Google Maps: Overly optimistic...


I'm heading off to a movie later and decided to use Google Maps to find out how to get there. The movie is at Hoyts Garden City, so I chose "garden city" as the destination. This is the result*:

image

I particular love that it wants me to paddle a kayak across the Pacific. Although it helpfully arranges stops in Japan and Hawaii. The total journey time is estimated at over 26000 km and 56 days which I'm reasonably sure means that I'd miss my movie. At least kayaking is a step up from previous recommendations to swim.

* The start address here is that for my employer, for whom I do not speak.

author: Colin David Scott | posted @ Saturday, November 22, 2008 10:21 AM | Feedback (0)

Why xkcd is the world's greatest webcomic


Because it produces things like this. With stick figures. It's genius in (mostly) monochrome.

author: Colin David Scott | posted @ Monday, November 17, 2008 8:03 PM | Feedback (0)

I have an exclusive new card to demonstrate my superiority


OK, all it does is demonstrate my ability to pay for a MSDN subscription. I'm trying to work out why they're giving them out. It has my subscriber ID and subscription expiry date, but I have them elsewhere. It also has my name and email address but I'm not immediately in danger of forgetting those. So my question is: what does this piece of plastic get me? And how can I use it to lord over those I consider beneath me?
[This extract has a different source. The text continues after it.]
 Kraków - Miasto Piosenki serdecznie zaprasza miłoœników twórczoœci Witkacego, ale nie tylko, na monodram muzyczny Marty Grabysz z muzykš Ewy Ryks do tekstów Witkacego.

If you have any suggestions post them as a comment. Comments on this blog are currently broken (one day I'll find a blog engine that works for me) but I do get them via email. I may post the best answer at a later date.
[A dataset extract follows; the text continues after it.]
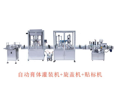 自動膏體灌裝機+旋蓋機+貼標機產品介紹:全自動灌裝生產線適用各種膏體、液體產品,該全自動滴灌蓋、精油灌裝旋蓋生產線有理甁機、泵頭蓋、滴灌蓋灌裝旋蓋機機、全自動圓瓶貼標機、收瓶機組成。可自動完成滴灌蓋類產品的自動灌裝旋蓋貼標等工作,結構合理考究、運行穩定。泵頭蓋、滴管蓋小瓶灌裝旋蓋機特點:1、觸摸屏顯示,PLC控制系統,無瓶不灌裝2、易清洗。3、蠕動泵或活塞泵灌裝,計量準確,操控方便。4、運行穩定,

author: Colin David Scott | posted @ Saturday, November 08, 2008 4:00 PM | Feedback (0)

Stop looking for something once you've found it


The example I used in my previous post is a highly simplified case I found in actual code. If differs from the code I encountered in a couple of major ways, it's simplified, it deals in test classes not the domain classes from the example (which are not relevant here nor which I am at liberty to post) and that it doesn't contain a bug I find mildly amusing and somewhat informative. The bug is illustrated here:

public static BusinessObject FindByCriteria(IEnumerable<BusinessObject> businessObjects, DecisionCriteria decisionCriteria)
{
    if (businessObjects == null)
    {
        throw new ArgumentNullException("businessObjects");
    }
    if (decisionCriteria == null)
    {
        throw new ArgumentNullException("decisionCriteria");
    }

    BusinessObject result = null;

    foreach (BusinessObject businessObject in businessObjects)
    {
        if (result == null && businessObject.MatchesCriteria(decisionCriteria))
        {
            result = businessObject;
        }
    }

    return result;
}

Keen observers of this example and my previous post (all none of you) will see that the if clause within the foreach has been modified slightly and the break is gone. The method still returns the result as expected. But it's not quite right. Once the expected instance has been found there's no need to continue. We have our result and it's not going to change. The method should end at this point. This is not the behaviour of the above. Instead we continue to loop through every remaining item in the collection.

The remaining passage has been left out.